The prisons department, however, in reply to a separate RTI application filed by Sharma, admitted that Sanaullah, son of Rehmat Ali of Dalowali village in Sialkot, was lodged in its district jail at Ambphalla between 1989 and 1992. He was first brought there on September 9, 1989 as an under trial and after 45 days detained under the Public Safety Act (PSA) for two years on an order from the District Magistrate.

After completion of his two years detention under PSA on October 23, 1991, Ranjay continued to remain in jail for one more year to complete the three-year imprisonment awarded to him in the meantime by a court on charges of illegally crossing the border. “Further his lodgment is not traceable,” the prison department said in its reply.

That both the Sanaullahs — the one who spent three years in the district jail from 1989 and the other whom police claimed to have arrested first time only in 1996 — were the same was confirmed by Sanaullah Ranjay himself in a chance meeting with Arun Sharma during a music performance in Jammu’s high-security Kot Bhalwal prison in February, just months before his death.

Ranjay had told Sharma that after his release from the Ambphalla jail in 1992, he was taken to Kanachak police station for some months and then to a joint interrogation centre. Finally, he was again taken to RS Pura police station where he stayed for two years. In the meantime, militancy had spread to Jammu.

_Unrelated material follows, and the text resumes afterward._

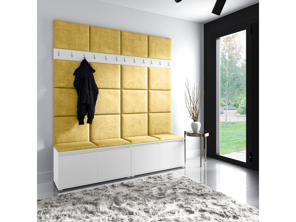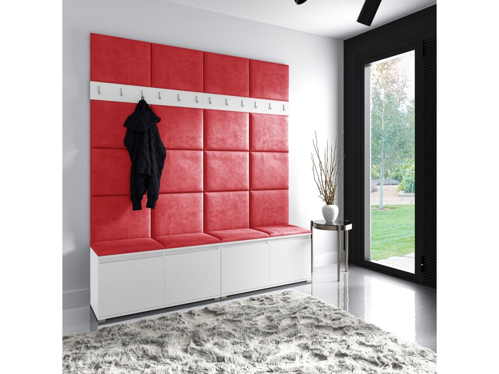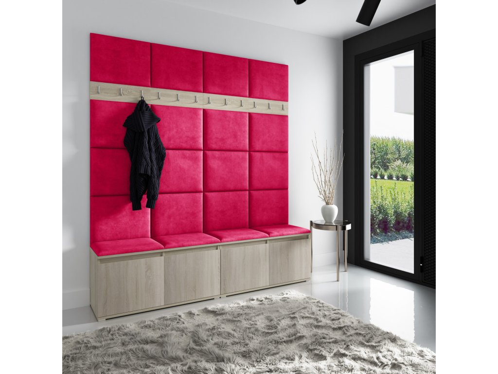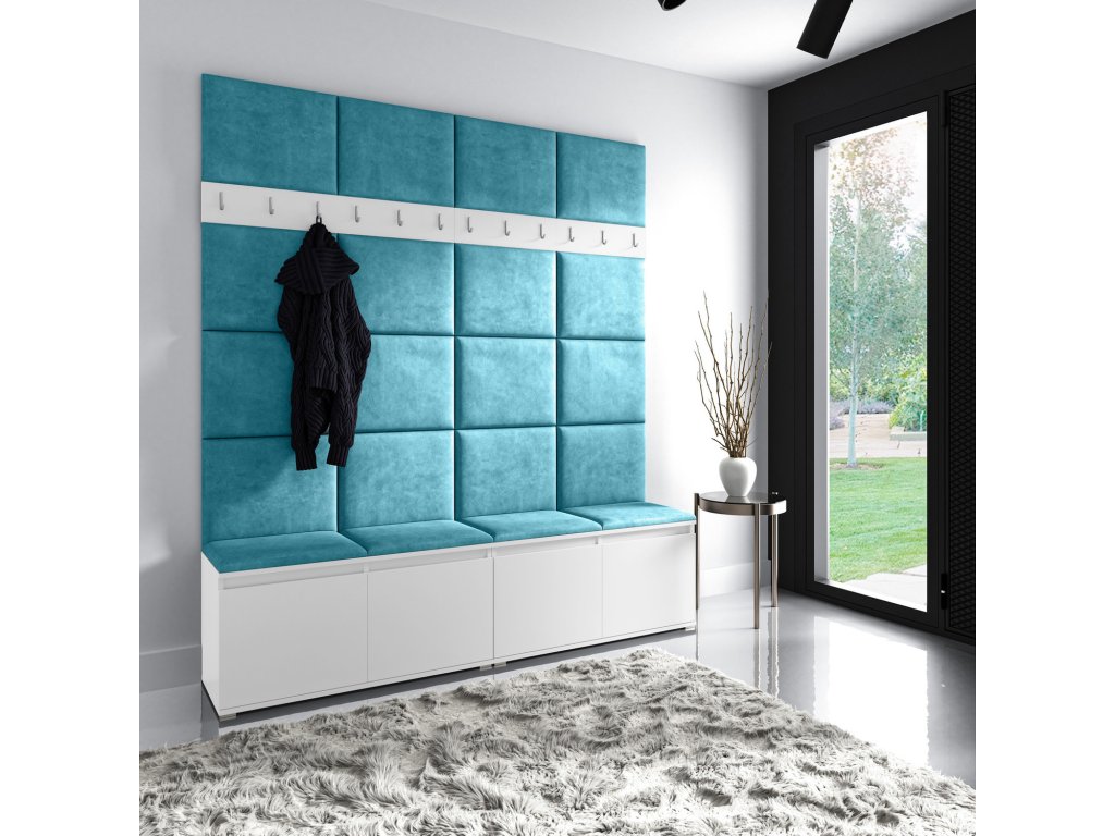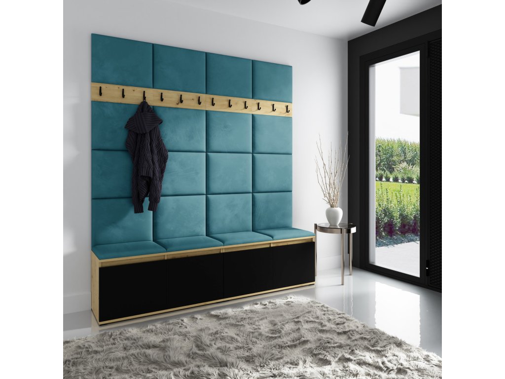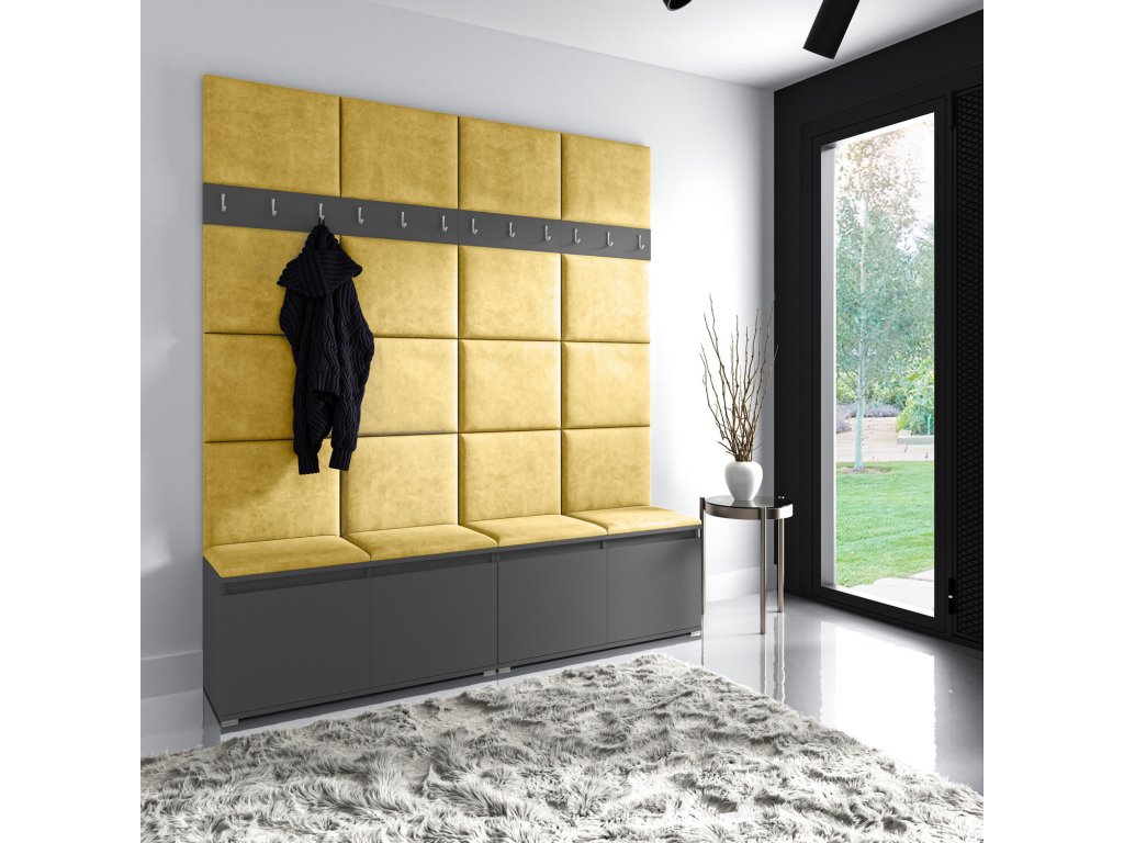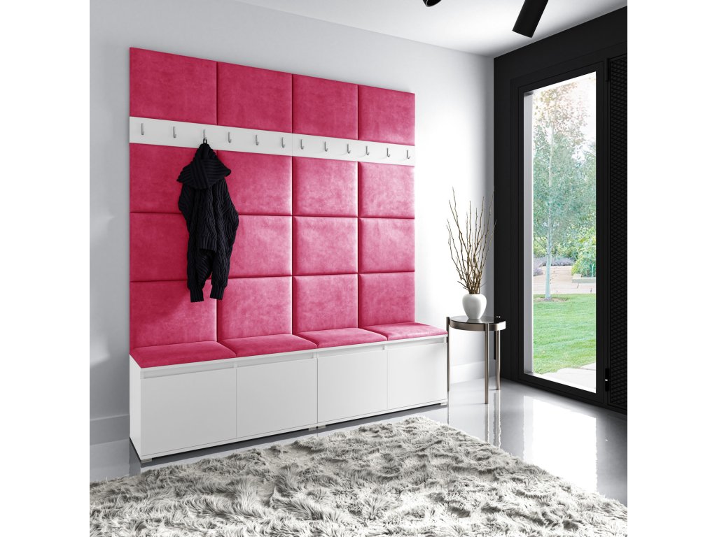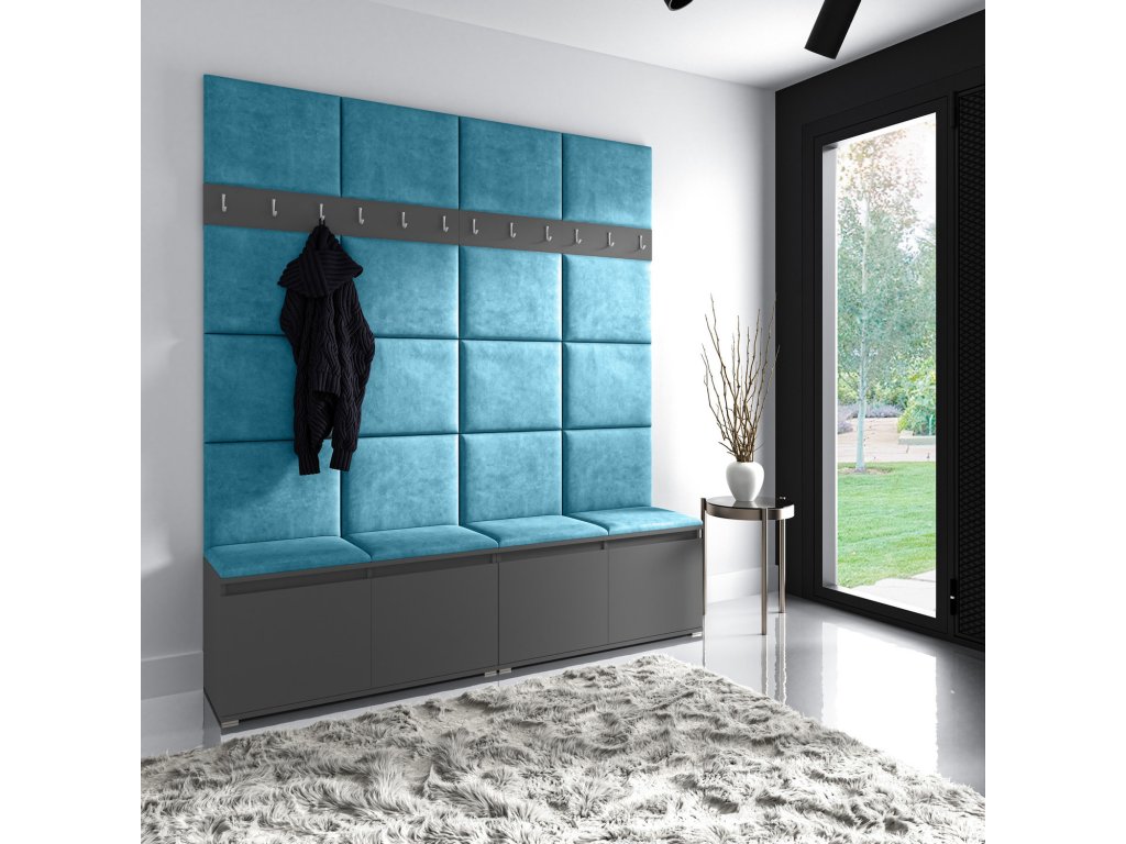 Předsíňová stěna AMI 4, je moderní a praktický prvek do vstupních prostor vašeho domu. Předsíňová stěna obsahuje dvacet čalouněných panelů, které se montují přímo na stěnu za pomoci lepidla. Potah botníku je tkanina TRINITY, která je měkká a příjemná na dotek. Jedná se o velurovou tkaninu. Předsíňová stěna se skládá z několika částí. Údržba: Vyhněte se použití chemikálií. Lepidlo není součástí balení.Doplňkové parametry

As his stay at the police station got prolonged and there appeared no immediate chances of his deportation, he said, police re-arrested him as a border-crosser in 1996 and sent him to jail where he spent nine months and nine days. He returned to RS Pura police station again and spent another two years waiting deportation until he got arrested by police on charges of carrying out 1994 bomb explosions.

About his involvement in the 1994 attacks, police had told the trial court that his name surfaced during questioning of one Karam Chand in another terror case registered at RS Pura police station in 1998.

Claiming that there used to be a bomb explosion in Jammu whenever Sanaullah crossed over to Indian side from Pakistan, Karam Chand had told police that he can identify him. On his identification, police picked up Sanaullah from the RS Pura police station where he was awaiting deportation.

Police told the trial court that Sanaullah confessed to carrying out 12 bomb explosions in Jammu city and on its outskirts including the one in a Matador which killed seven passengers and injured 16 people near Satwari on July 16, 1994. The charge sheet also included a blast that was planted inside a bus that killed 10 people and injured 43 others near Pir Baba shrine at Ramnagar on the Jammu-Srinagar national highway on November 28, 1994.